# **01. 如何在自定義數據集上訓練 YOLOv7**

本教程基於 WongKinYiu 的 **YOLOv7 Github存儲庫** [[連結]](https://github.com/WongKinYiu/yolov7) 與**論文** [[連結]](https://arxiv.org/abs/2207.02696)，並由 Chieh-Ming整理為具有詳細步驟的中文訓練方式之教材，並記述了關於**自己的自定義對象**的訓練。

### **本教程中介紹的步驟**

為了訓練我們的物件偵測模型，我們分為以下步驟：

* 安裝 YOLOv7 依賴套件 (Install YOLOv7 dependencies)
* 以 YOLOv7 格式從 Roboflow 加載自定義數據集 (Load custom dataset from Roboflow in YOLOv7 format)
* 運行 YOLOv7 訓練 (Run YOLOv7 training)
* 評估 YOLOv7 性能 (Evaluate YOLOv7 performance)
* 在測試圖像上運行 YOLOv7 預測 (Run YOLOv7 inference on test images)

In [1]:
import torch

tensor = torch.rand(3,4)
print(f"Device tensor is stored on: {tensor.device}")

print(f"CUDA is currently available: {torch.cuda.is_available()}")

tensor = tensor.to('cuda')

print(f"Device tensor is stored on: {tensor.device}")

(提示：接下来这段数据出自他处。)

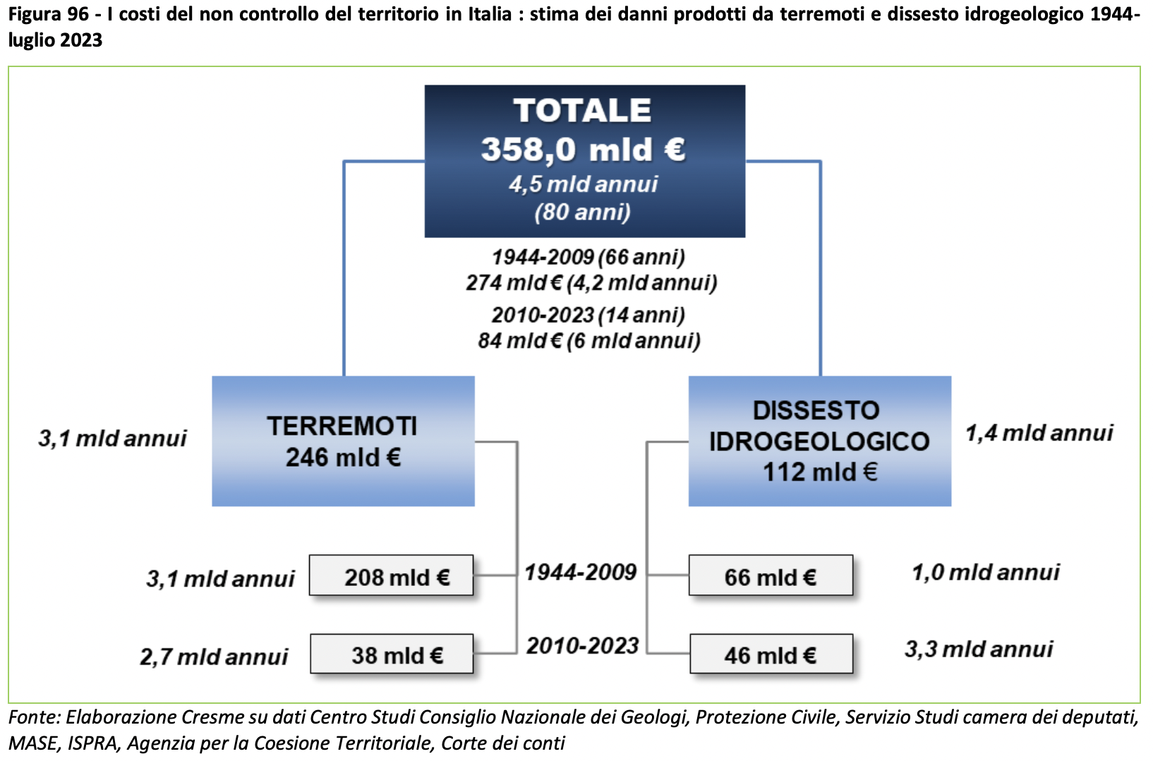 Dal 2010 a oggi la spesa per i danni da dissesto idrogeologico in Italia è triplicata raggiungendo 3,3 miliardi di euro l’anno. Inclusi i terremoti, più di 350 miliardi l’ammontare in 80 anni (valori 2023), con una media annua, tra il 1944 e il 2009, di 4,2 miliardi, salita a 6 miliardi tra il 2010 e il 2023.

  from .autonotebook import tqdm as notebook_tqdm


Device tensor is stored on: cpu
CUDA is currently available: True
Device tensor is stored on: cuda:0


# **03. 準備格式正確的自定義數據 (Correctly Formatted Custom Data)**

# **03-1. 連結雲端硬碟中的自定義數據**
* 使用md指令，將資料複製於自己建立資料夾中(`custom_dataset`)，包含train與valid，並使用cp指令複製coco.yaml。
* coco.yaml更名改為data.yaml並修改內容：自定義的類別名稱、類別數量以及train與val的path。
    * `train: ../train/images`
    * `val: ../valid/images`
    * `# number of classes`
    * `nc: 3`
    * `# class names`
    * `names: [ 'none', 'bad', 'good']`

* 建立`getYoloFormat`函數，將xml的標籤資料轉為txt格式。
* 此教程以口罩影像集為例，三個類別分別為none, bad, good。

In [2]:
# 建立資料夾
!md "custom_dataset"
!md "custom_dataset/valid"
!md "custom_dataset/train"
!md "custom_dataset/valid/images"
!md "custom_dataset/train/images"
!md "custom_dataset/valid/labels"
!md "custom_dataset/train/labels"

# 將data.yaml複製至新建立的資料夾中
!copy "data/coco.yaml" "custom_dataset"

子目錄或檔案 custom_dataset 已經存在。
子目錄或檔案 custom_dataset/valid 已經存在。
子目錄或檔案 custom_dataset/train 已經存在。
子目錄或檔案 custom_dataset/valid/images 已經存在。
子目錄或檔案 custom_dataset/train/images 已經存在。
子目錄或檔案 custom_dataset/valid/labels 已經存在。
子目錄或檔案 custom_dataset/train/labels 已經存在。


複製了         1 個檔案。


In [3]:
from bs4 import BeautifulSoup
import os
import shutil

#口罩標籤
status_dic = {'good': 2, 'bad': 1, 'none': 0}

def getYoloFormat(filename,label_path, img_path, yolo_path, newname):
    with open(label_path+ filename, 'r') as f:
        soup = BeautifulSoup(f.read(), 'xml')
        imgname = soup.select_one('filename').text
        image_w = int(soup.select_one('width').text)
        image_h = int(soup.select_one('height').text)
        ary = []
        for obj in soup.select('object'):
            xmin = int(obj.select_one('xmin').text)
            xmax = int(obj.select_one('xmax').text)
            ymin = int(obj.select_one('ymin').text)
            ymax = int(obj.select_one('ymax').text)
            objclass = status_dic.get(obj.select_one('name').text)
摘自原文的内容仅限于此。